Les dernières données disponibles, datant d’avril, nous montrent que l’inflation tirée par l’offre (courbe orange) poursuit, clairement, sa tendance baissière, engagée depuis le pic du choc inflationniste au deuxième trimestre 2022, et qu’elle se situe en deçà de sa moyenne pré-pandémique. L’inflation tirée par la demande (courbe verte) est, en revanche, depuis décembre 2024, de nouveau dans une dynamique haussière et se situe au-dessus de sa moyenne pré-pandémique.

Un premier enseignement de ces évolutions est que, avant le choc tarifaire du président Trump, la poursuite du processus de désinflation et le retour à la cible reposaient sur l’inflation par la demande, qui devait reprendre le chemin de la baisse. Processus qui reposait donc aussi sur la Fed, qui peut justement agir sur la demande (la freiner, en l’occurrence, en mettant sur pause ses baisses de taux et en conservant ainsi une politique monétaire plutôt restrictive) et non sur l’offre.

Le second enseignement que nous pouvons tirer de ces données est que le choc tarifaire étant pour partie un choc d’offre, son impact inflationniste devrait se voir dans un redressement de l’inflation tirée par l’offre. En parallèle, les impacts négatifs du choc tarifaire sur la croissance devraient tirer vers le bas l’inflation par la demande. Quel effet dominera à l’horizon des prochains mois ? C’est toute la question. Nous anticipons que ce sera le premier, inflationniste.
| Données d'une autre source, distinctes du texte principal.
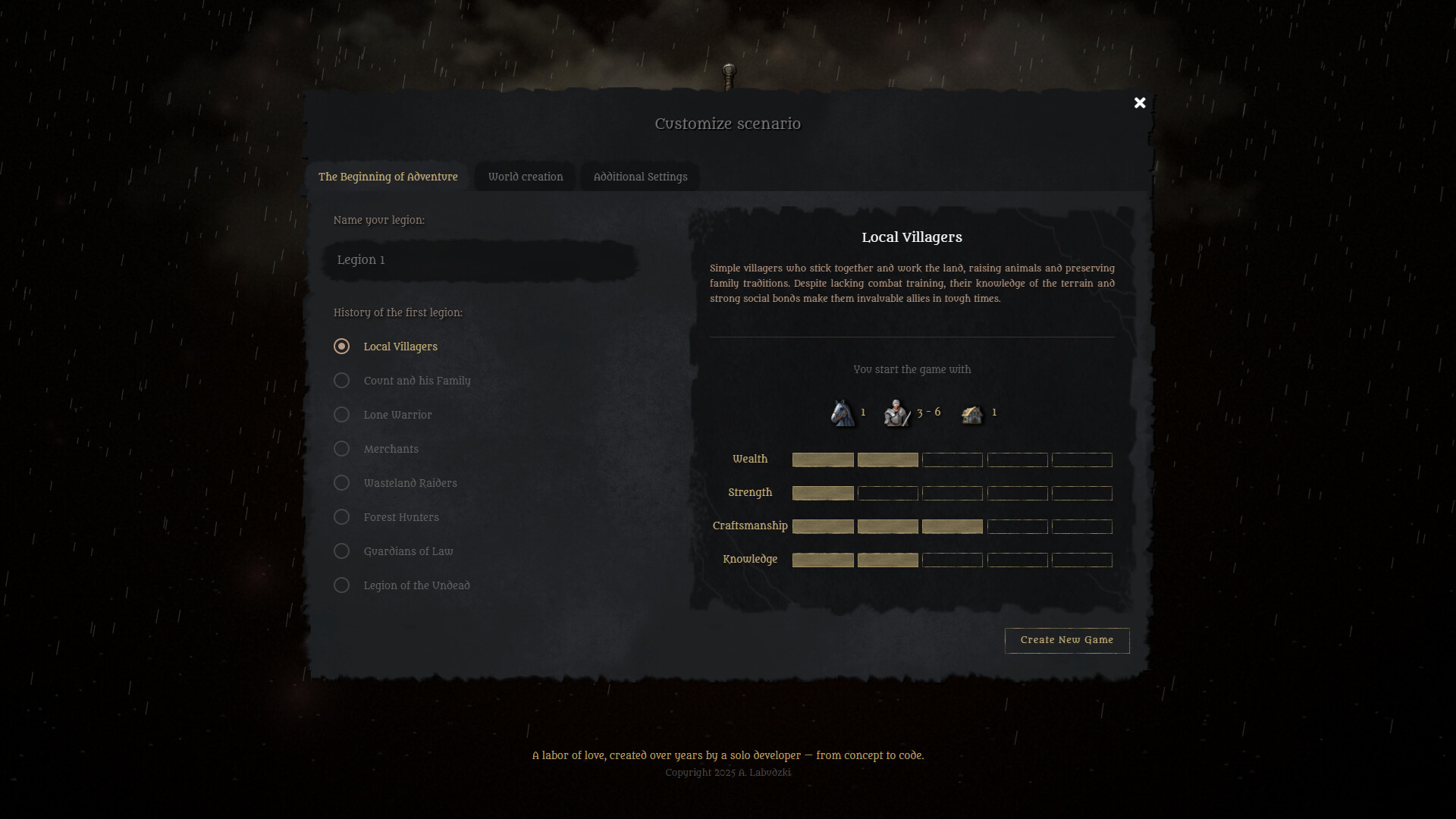 Choose your starting legion – each with different gear, gold, warriors, and reputation. Will you begin with a settlement under your control… or fight to earn it?

Mais les incertitudes autour de ce scénario restent nombreuses.

Achevé de rédiger le 26 juin 2025

1 Cf. pour une présentation des grandes lignes de cette approche, How Much Do Supply and Demand Drive Inflation? - San Francisco Fed, 21 juin 2022. Travail étendu par Lansing (2025) en utilisant cette décomposition dans une estimation de la courbe de Phillips, Is Demand or Supply More Important for Inflation? - San Francisco Fed, 23 juin 2025.